Daniel Ryckmans a constitué un volumineux dossier avec les nombreuses correspondances qu’il a adressées à toutes les autorités concernant ces affichages illégaux. Il y joint les réponses (quand il y en a), qui s’apparentent au mieux à des accusés de réception. Les ministres se sont renvoyé la balle du régional au fédéral et inversement, les gouverneurs successifs du Brabant wallon qui ont rédigé les arrêtés précisant les règles à observer ne les ont pas fait appliquer, et, comble pour ce citoyen ulcéré, le médiateur fédéral et celui de la Région sont restés sans réaction.

 » C’est l’ensemble du système que je veux dénoncer, dit-il. Les affiches n’ont pas été enlevées, et il n’y a eu aucune sanction. N’est-il pas intolérable que ceux qui ont fait la loi ne la respectent pas ? Que toute la chaîne, candidats, gouverneurs, ministres, médiateurs, fasse preuve d’autant de désinvolture, d’hypocrisie et d’arrogance ?  » Avec une mention particulière pour ce courrier d’août 2007 émanant de la gouverneure du Brabant wallon Marie-José Laloy qui précise que seuls les candidats ont le droit de protester si les autorités communales ne font pas respecter les instructions qu’elle a elle-même communiquées.

On a toujours fait comme ça

Le bourgmestre de Chastre, le libéral Claude Jossart, l’un des principaux candidats incriminés, admet qu’il a affiché le jour du scrutin fédéral près du bureau de vote, violant ainsi l’arrêté de police qu’il avait lui-même fait placarder.  » Cela fait des années que, dans la dernière ligne droite, je le fais, dit-il, mais je reconnais que je n’avais pas bien compris l’arrêté, et l’interdiction de placer des affiches le dernier jour.
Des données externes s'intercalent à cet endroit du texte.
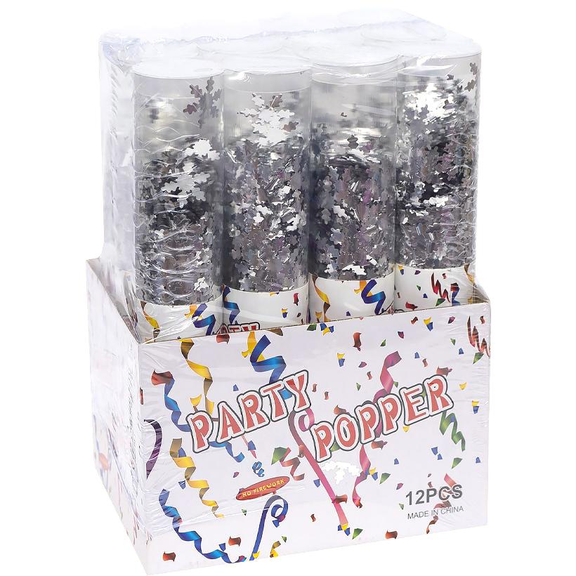 Хлопушка довжиною 30 см з кольоровим конфеті. Пневматична конструкція з поворотним механізмом.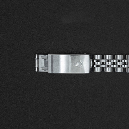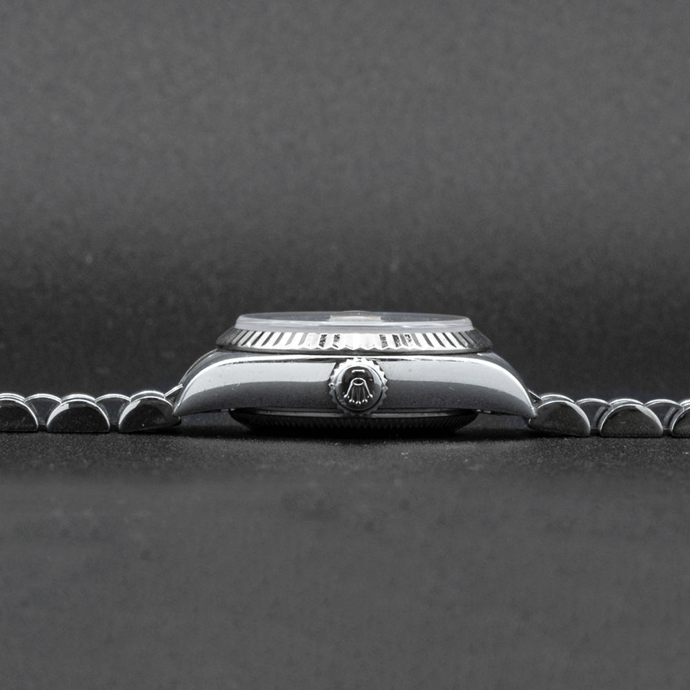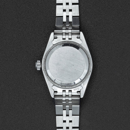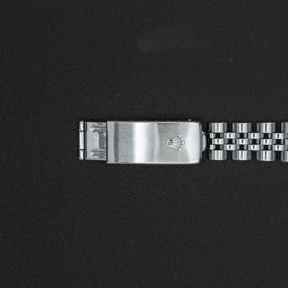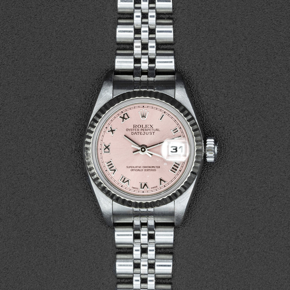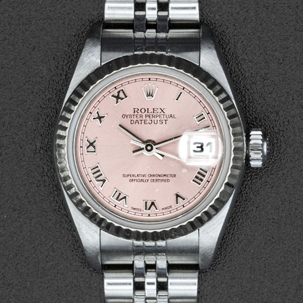 This pre-owned Rolex Datejust has a 26mm stainless steel case with a fluted bezel. The pink dial has Roman numerals and a date display. It is covered by sapphire crystal. The stainless steel jubilee bracelet has a folding clasp. This Rolex reference 79174 is in fair condition. Features box and papers. Circa 2003.
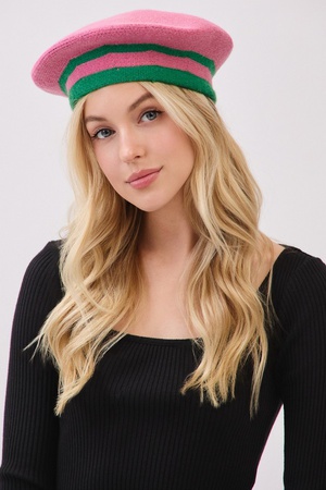 Plaid Pattern Fur Mixed Fleeced Pom Pom Beanie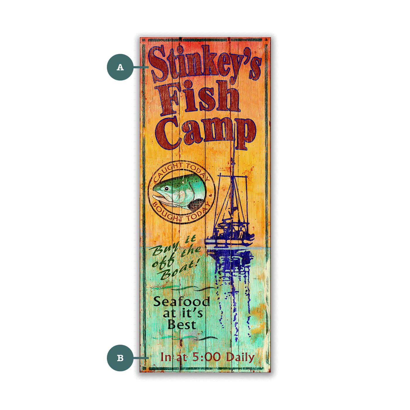 Stinky's Fish Camp - Wood and Metal Wall Art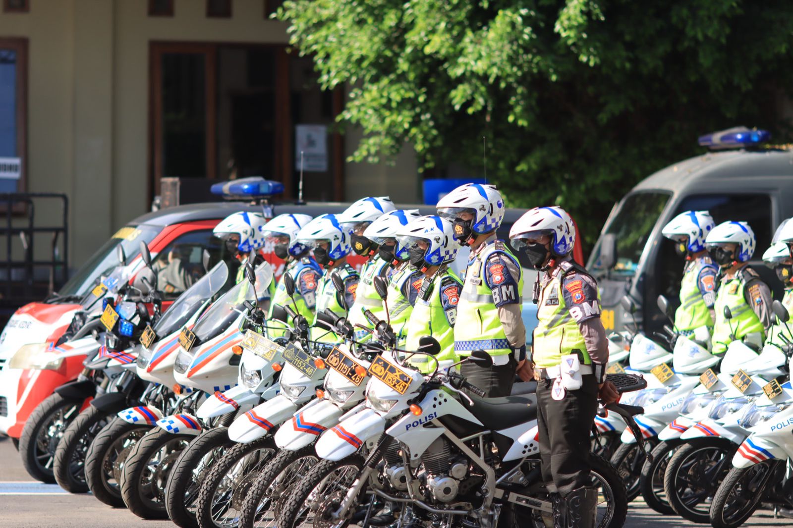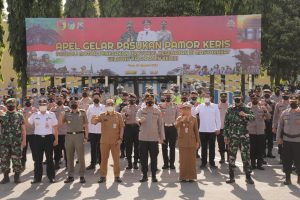 Polres Kediri menggelar Apel Gelar Pasukan PAMOR KERIS (Patroli Motor Penegak Protokol Kesehatan di Masyarakat) di halaman belakang Mapolres Kediri, Senin (24/01/2022).

J’ai d’ailleurs réagi à la plainte, et suis allé pour enlever les panneaux. Mais la cousine de M. Ryckmans, candidate Ecolo, les avait jetés au sol, face contre terre bien entendu. Ce n’était tout de même pas à elle à faire la loi… « 

Ambiance. D’autres candidats ont expliqué que c’étaient des sympathisants venus de l’extérieur de la commune qui avaient collé leurs affiches, et que leur responsabilité n’était donc pas engagée. Un proche de Claude Jossart a même osé prétendre ( La DH du 27 octobre 2005) que  » quand les personnes âgées arrivent au bureau de vote, elles sont parfois heureuses de voir qui elles peuvent soutenir.  »

1 000 euros d’amende

 » C’est dans la région montoise que nous avons dû le plus verbaliser après les communales de 2006 « , explique Freddy Ruggiero, coordinateur de l’action judiciaire de la police domaniale de la Région wallonne, le service chargé de réprimer les infractions environnementales sur les voiries (routes et autoroutes) de Wallonie.  » De nombreux PV y ont été rédigés, mais… classés sans suite par le parquet. Aujourd’hui, avec le tout nouveau décret (adopté la semaine dernière) destiné à lutter contre la saleté des routes, nos agents pourront infliger des amendes administratives directement au responsable d’un affichage illégal. Electoral ou autre. L’amende pourra monter jusqu’à 1 000 euros. « 

A Mons, certains candidats n’avaient pas hésité à placarder leurs affiches sur les panneaux routiers. Des agents de la Région ont dû être mobilisés pour les enlever. Des remorques judicieusement abandonnées sur la voie publique ont été confisquées.  » Mais tous les candidats mis en cause ont payé la facture, poursuit Freddy Ruggiero, et il y en avait de toutes les formations, sauf Ecolo.  » Aux législatives de 2007, la situation a été beaucoup plus calme, poursuit-il.  » Les partis se sont rendu compte que c’était l’escalade, et qu’on risquait de dépasser les bornes. « 

Mais il n’y a pas que les voiries régionales. Ici et là, des concertations ont lieu pour tenter de se mettre d’accord sur une même façon de coller. A Liège par exemple, Bernard Wesphael, tête de liste Ecolo aux régionales, a applaudi l’initiative de Marie-Dominique Simonet, qui conduira les candidats CDH. La ministre a proposé au socialiste Willy Demeyer, président de la conférence des bourgmestres, que ce soient les employés communaux qui se chargent de coller toutes les affiches (fournies par les partis) sur les panneaux mis à disposition par les 24 communes de l’arrondissement. En France, pour l’élection présidentielle, ce sont des agences de pub qui le font.

A Bruxelles, le ministre-président Charles Picqué a invité les bourgmestres des 19 communes à se mettre d’accord pour limiter l’affichage strictement aux panneaux communaux.